╭──

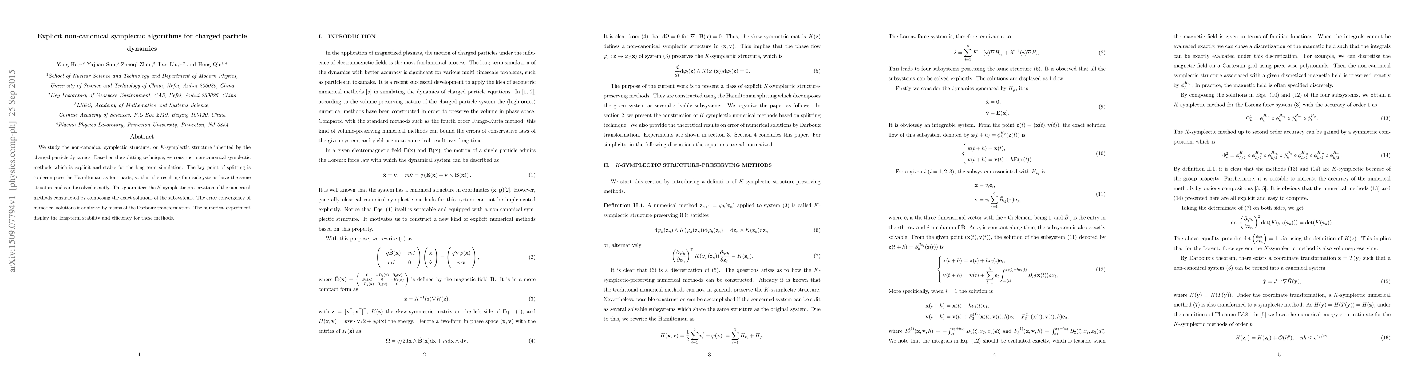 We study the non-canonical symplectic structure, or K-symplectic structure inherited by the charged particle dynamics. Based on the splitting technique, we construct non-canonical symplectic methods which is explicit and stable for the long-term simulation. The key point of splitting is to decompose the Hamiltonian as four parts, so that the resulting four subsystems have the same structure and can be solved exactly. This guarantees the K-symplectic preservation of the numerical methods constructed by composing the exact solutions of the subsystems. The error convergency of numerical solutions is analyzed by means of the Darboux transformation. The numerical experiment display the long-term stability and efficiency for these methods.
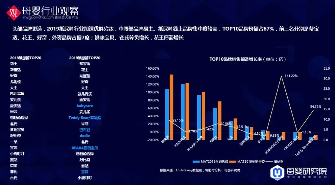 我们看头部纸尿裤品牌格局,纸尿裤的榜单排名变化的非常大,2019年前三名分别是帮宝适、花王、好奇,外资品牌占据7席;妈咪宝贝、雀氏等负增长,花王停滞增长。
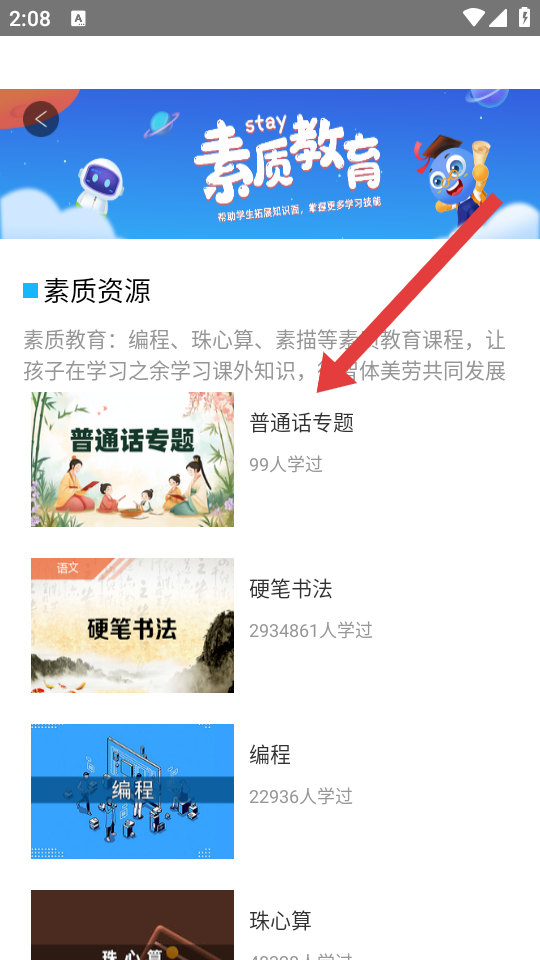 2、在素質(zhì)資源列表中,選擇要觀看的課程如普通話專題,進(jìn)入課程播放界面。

╰──

* [Your assignment]
Once the pictures are set aside, give the listing again word for word.

* [Solved problem]
 We study the non-canonical symplectic structure, or K-symplectic structure inherited by the charged particle dynamics. Based on the splitting technique, we construct non-canonical symplectic methods which is explicit and stable for the long-term simulation. The key point of splitting is to decompose the Hamiltonian as four parts, so that the resulting four subsystems have the same structure and can be solved exactly. This guarantees the K-symplectic preservation of the numerical methods constructed by composing the exact solutions of the subsystems. The error convergency of numerical solutions is analyzed by means of the Darboux transformation. The numerical experiment display the long-term stability and efficiency for these methods.
 我们看头部纸尿裤品牌格局,纸尿裤的榜单排名变化的非常大,2019年前三名分别是帮宝适、花王、好奇,外资品牌占据7席;妈咪宝贝、雀氏等负增长,花王停滞增长。
 2、在素質(zhì)資源列表中,選擇要觀看的課程如普通話專題,進(jìn)入課程播放界面。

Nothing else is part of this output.